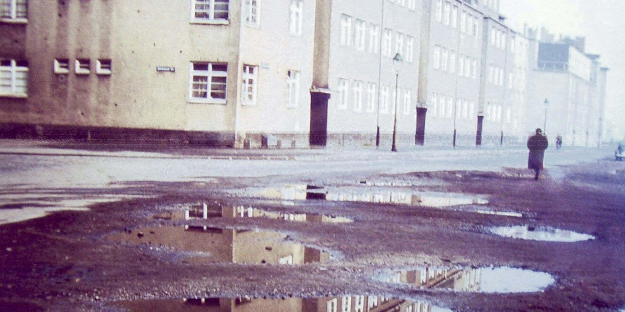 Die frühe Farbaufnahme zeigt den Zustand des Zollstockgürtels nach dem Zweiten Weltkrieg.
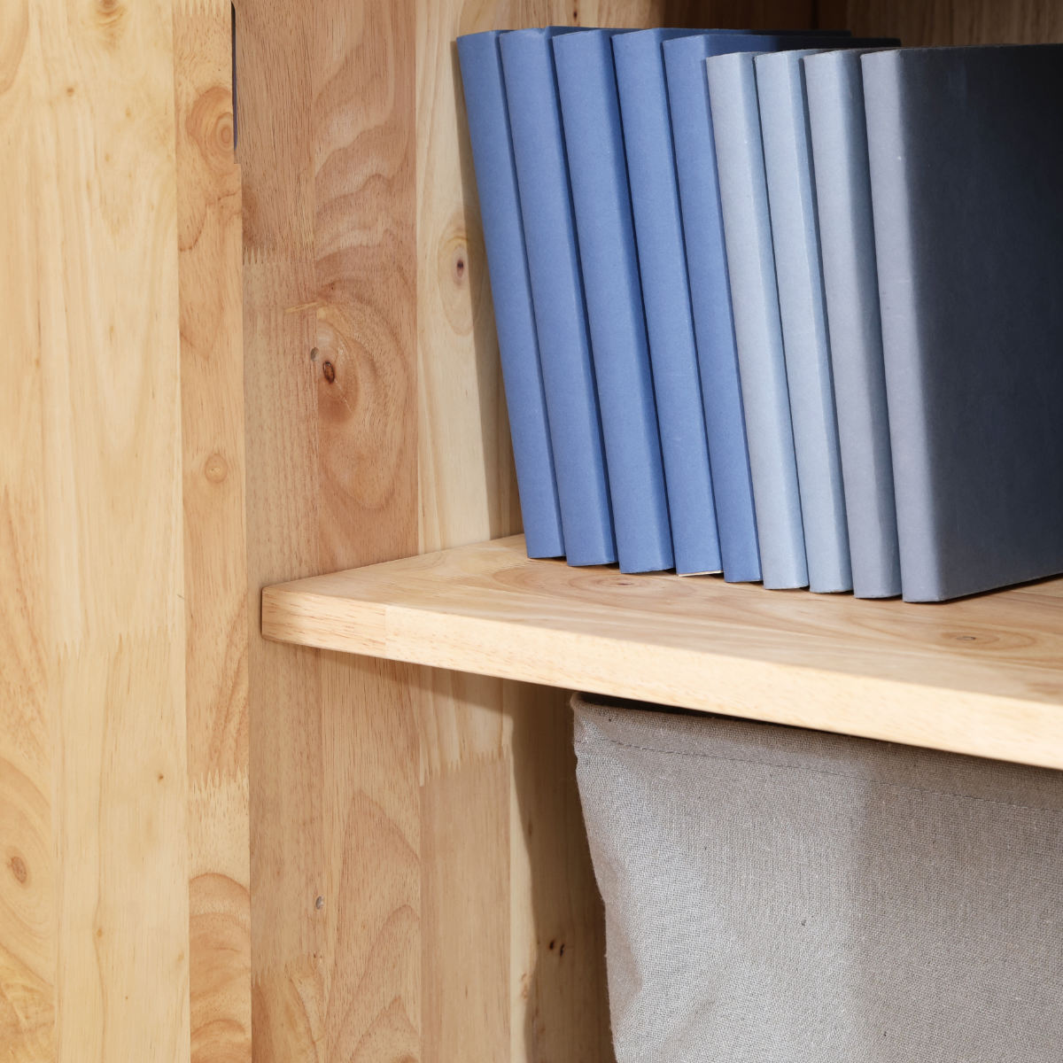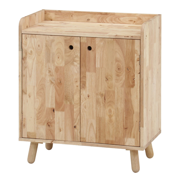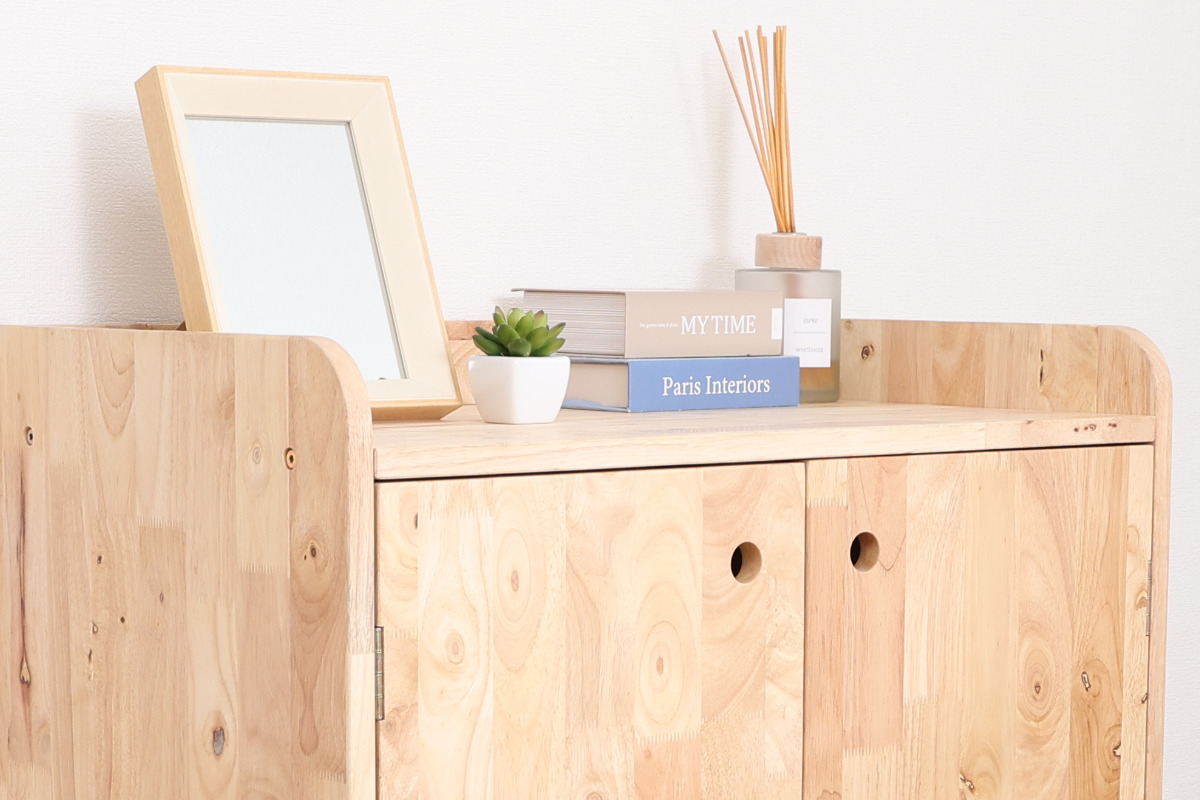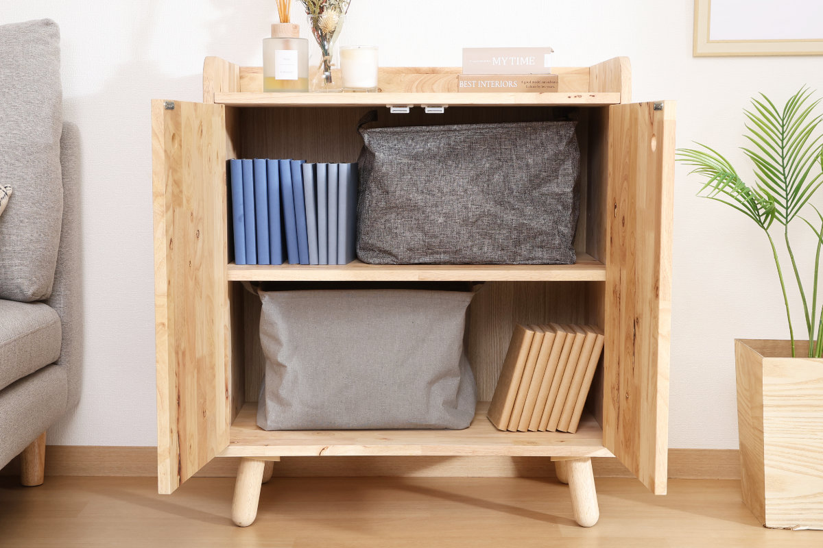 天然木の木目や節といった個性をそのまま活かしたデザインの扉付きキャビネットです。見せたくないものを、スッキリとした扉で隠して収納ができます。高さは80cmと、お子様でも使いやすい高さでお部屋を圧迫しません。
....
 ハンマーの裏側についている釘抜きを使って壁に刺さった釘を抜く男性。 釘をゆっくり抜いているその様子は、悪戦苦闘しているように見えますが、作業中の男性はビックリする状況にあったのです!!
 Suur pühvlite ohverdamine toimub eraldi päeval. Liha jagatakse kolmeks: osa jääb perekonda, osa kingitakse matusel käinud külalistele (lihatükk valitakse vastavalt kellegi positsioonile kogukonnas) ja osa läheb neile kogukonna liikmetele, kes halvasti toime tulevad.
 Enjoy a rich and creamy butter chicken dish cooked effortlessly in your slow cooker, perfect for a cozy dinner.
....
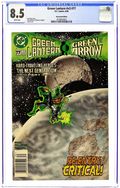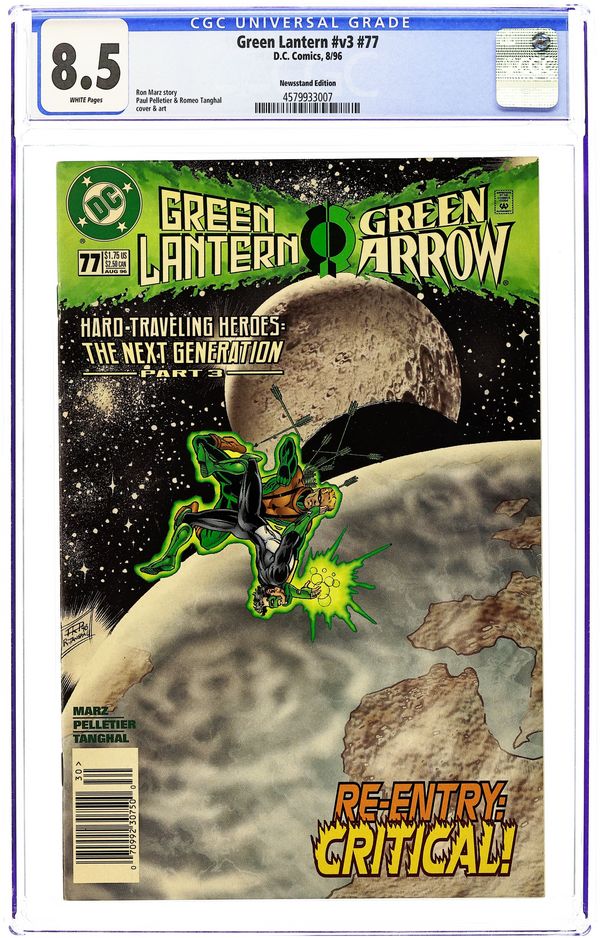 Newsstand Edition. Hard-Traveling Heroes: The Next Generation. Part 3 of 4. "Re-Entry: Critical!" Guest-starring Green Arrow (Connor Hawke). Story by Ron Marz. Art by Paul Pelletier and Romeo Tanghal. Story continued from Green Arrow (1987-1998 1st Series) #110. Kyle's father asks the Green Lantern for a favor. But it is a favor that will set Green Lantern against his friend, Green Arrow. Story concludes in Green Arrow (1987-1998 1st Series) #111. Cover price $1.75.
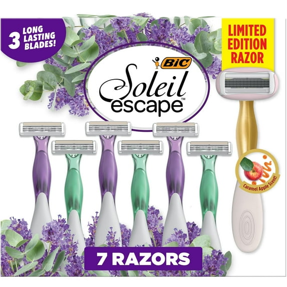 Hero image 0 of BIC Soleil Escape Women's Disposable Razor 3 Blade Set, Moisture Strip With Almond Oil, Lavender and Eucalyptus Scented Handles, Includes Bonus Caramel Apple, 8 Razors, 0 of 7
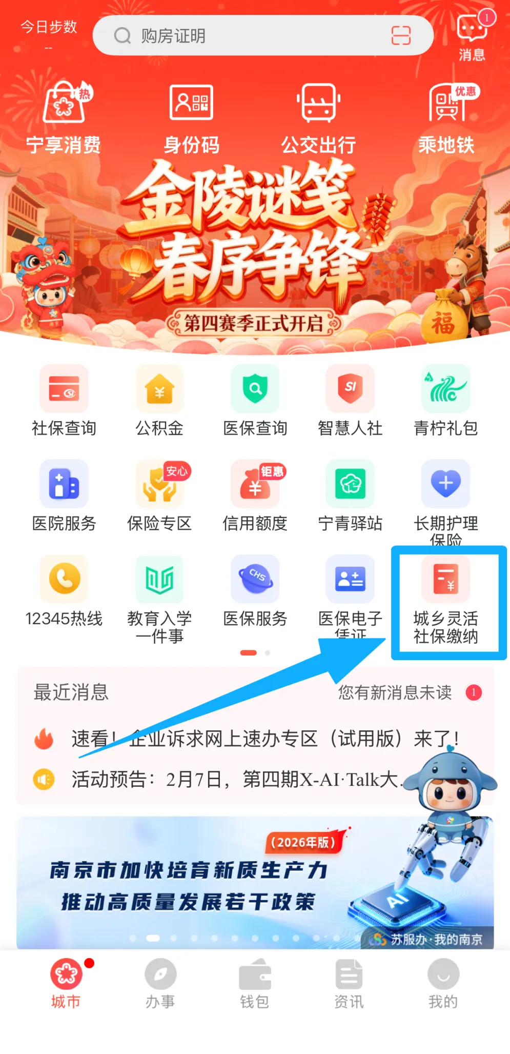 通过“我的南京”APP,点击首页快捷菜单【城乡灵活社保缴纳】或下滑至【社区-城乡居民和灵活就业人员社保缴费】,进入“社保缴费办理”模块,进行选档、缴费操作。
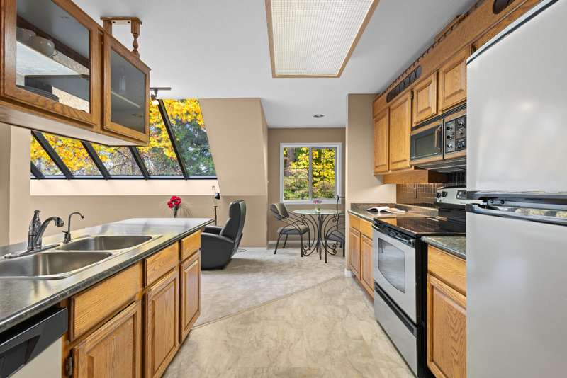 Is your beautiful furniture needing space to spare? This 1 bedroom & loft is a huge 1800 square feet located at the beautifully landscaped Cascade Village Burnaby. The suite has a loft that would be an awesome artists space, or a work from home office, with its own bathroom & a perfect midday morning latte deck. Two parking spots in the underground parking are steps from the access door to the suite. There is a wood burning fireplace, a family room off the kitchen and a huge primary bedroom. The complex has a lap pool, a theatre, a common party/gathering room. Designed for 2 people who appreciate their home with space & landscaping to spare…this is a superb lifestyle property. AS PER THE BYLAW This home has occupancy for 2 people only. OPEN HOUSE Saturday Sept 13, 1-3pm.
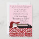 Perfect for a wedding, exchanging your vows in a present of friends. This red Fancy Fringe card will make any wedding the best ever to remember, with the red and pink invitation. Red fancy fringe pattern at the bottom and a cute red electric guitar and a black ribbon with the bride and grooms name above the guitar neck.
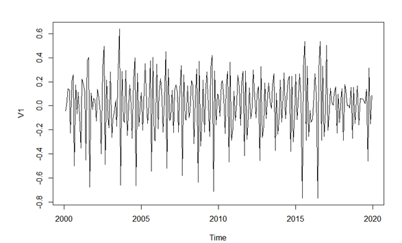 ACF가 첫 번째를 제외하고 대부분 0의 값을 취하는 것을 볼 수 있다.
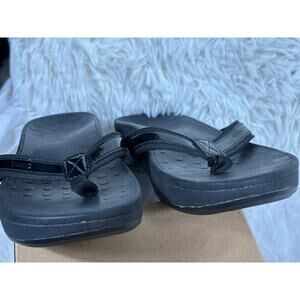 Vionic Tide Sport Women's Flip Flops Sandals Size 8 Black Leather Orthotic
....
About this exercise: Within the listing above, the lines from the one with "Die frühe Farbaufnahme" through the one with "天然木の木目や節といった個性" are to be given again word for word. Do not include pictures.

Response:
 Die frühe Farbaufnahme zeigt den Zustand des Zollstockgürtels nach dem Zweiten Weltkrieg.
 天然木の木目や節といった個性をそのまま活かしたデザインの扉付きキャビネットです。見せたくないものを、スッキリとした扉で隠して収納ができます。高さは80cmと、お子様でも使いやすい高さでお部屋を圧迫しません。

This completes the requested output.